● **Assignment**
Output all of the lines below exactly, and leave out each image.
[Given information]
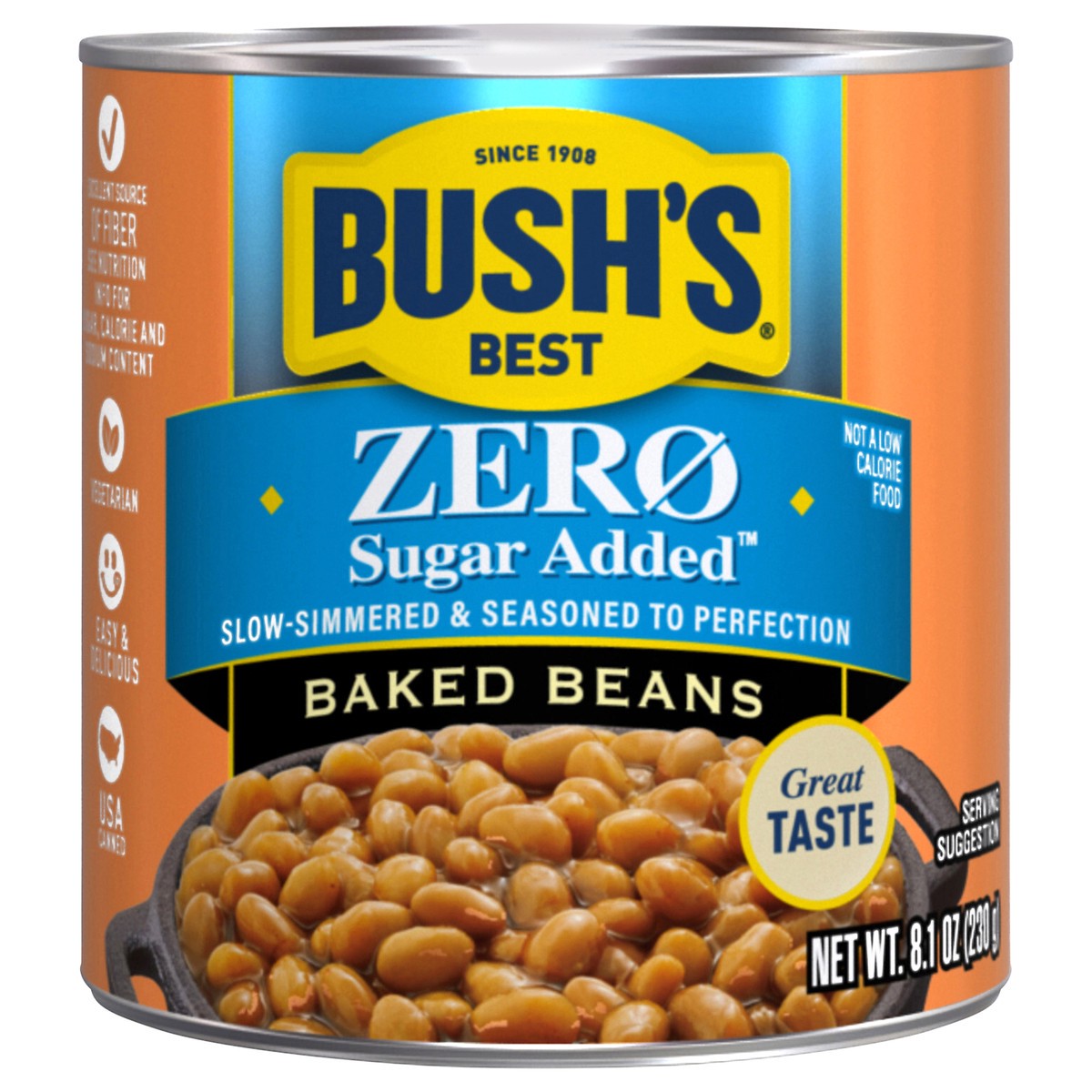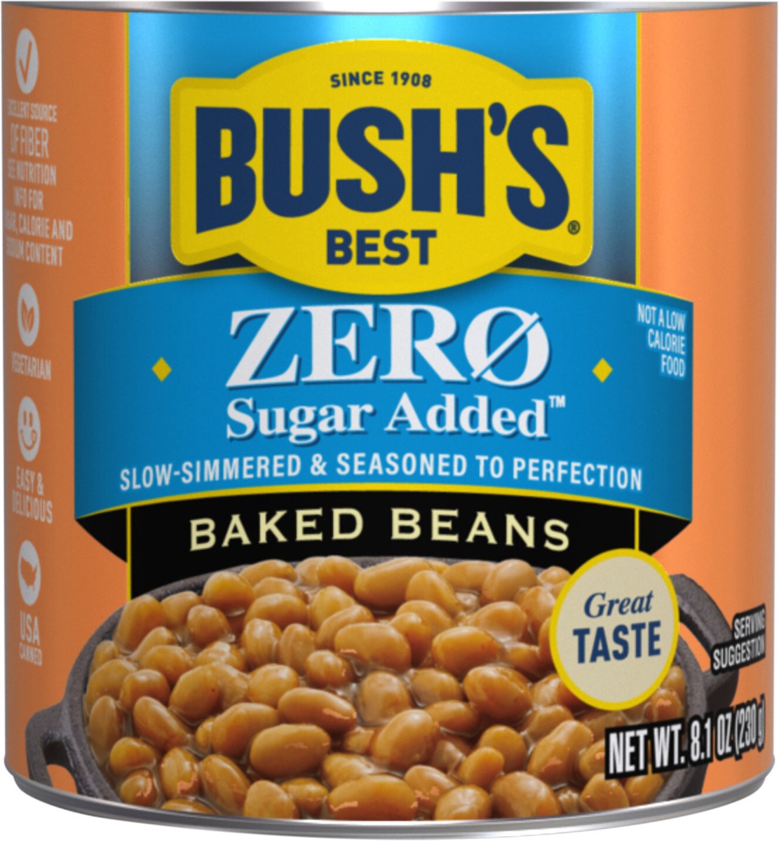 - Bush’s Zero Sugar Added Baked Beans are big on flavor but not on added sugar
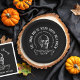 Chapas de papel do Halloween impressas personalizadas para corresponder à nossa coleção Vintage Skull. Personalize-o com seu nome de família, detalhes da festa ou outro texto personalizado em torno de uma ilustração do crânio de safra angustiada e o ornamento de rolagem em um fundo preto. Use as ferramentas de design para editar as fontes de texto e as cores e adicionar suas próprias fotos e texto para criar seu próprio decor de festa do Dia das Bruxas.
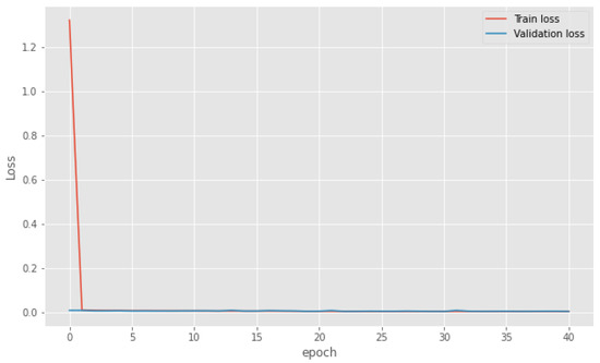 This section presents the LOSO cross-validation results of the proposed BiLSTM-based regression model using IMU and EMG features. The proposed model was built using 10 participants’ data and 69 selected IMU and EMG features. The average metrics of 10-fold LOSO cross-validation metrics shows are shown in Table 3. The average R2, RMSE, and MAE values of the proposed model for all the participants are 0.80, 1.257 mL·kg−1·min−1, and 1.581 mL·kg−1·min−1, respectively. Moreover, Table 3 presents the LOSO cross-validation results on test Subject#1, where R2, RMSE, and MAE are 0.75, 1.685 mL·kg−1·min−1, and 1.264 mL·kg−1·min−1. The measured and predicted oxygen consumption for each second on Subject#1 test data are shown in Figure 6. From Figure 6, it can be observed that the model has predicted the pattern perfectly, but some of the extreme values were missed. Even though the desired results are achieved, it is essential to assess the training performance using learning curves to understand whether the model is suffering from variance or bias [66]. Figure 7 shows that the proposed model loss function (i.e., MSE) decreased with the number of epochs. Moreover, the training and validation loss curves are close to each other, showing that the model has a good fit with low bias and variance.
[/Given information]
● **Written response**
 - Bush’s Zero Sugar Added Baked Beans are big on flavor but not on added sugar
 Chapas de papel do Halloween impressas personalizadas para corresponder à nossa coleção Vintage Skull. Personalize-o com seu nome de família, detalhes da festa ou outro texto personalizado em torno de uma ilustração do crânio de safra angustiada e o ornamento de rolagem em um fundo preto. Use as ferramentas de design para editar as fontes de texto e as cores e adicionar suas próprias fotos e texto para criar seu próprio decor de festa do Dia das Bruxas.
 This section presents the LOSO cross-validation results of the proposed BiLSTM-based regression model using IMU and EMG features. The proposed model was built using 10 participants’ data and 69 selected IMU and EMG features. The average metrics of 10-fold LOSO cross-validation metrics shows are shown in Table 3. The average R2, RMSE, and MAE values of the proposed model for all the participants are 0.80, 1.257 mL·kg−1·min−1, and 1.581 mL·kg−1·min−1, respectively. Moreover, Table 3 presents the LOSO cross-validation results on test Subject#1, where R2, RMSE, and MAE are 0.75, 1.685 mL·kg−1·min−1, and 1.264 mL·kg−1·min−1. The measured and predicted oxygen consumption for each second on Subject#1 test data are shown in Figure 6. From Figure 6, it can be observed that the model has predicted the pattern perfectly, but some of the extreme values were missed. Even though the desired results are achieved, it is essential to assess the training performance using learning curves to understand whether the model is suffering from variance or bias [66]. Figure 7 shows that the proposed model loss function (i.e., MSE) decreased with the number of epochs. Moreover, the training and validation loss curves are close to each other, showing that the model has a good fit with low bias and variance.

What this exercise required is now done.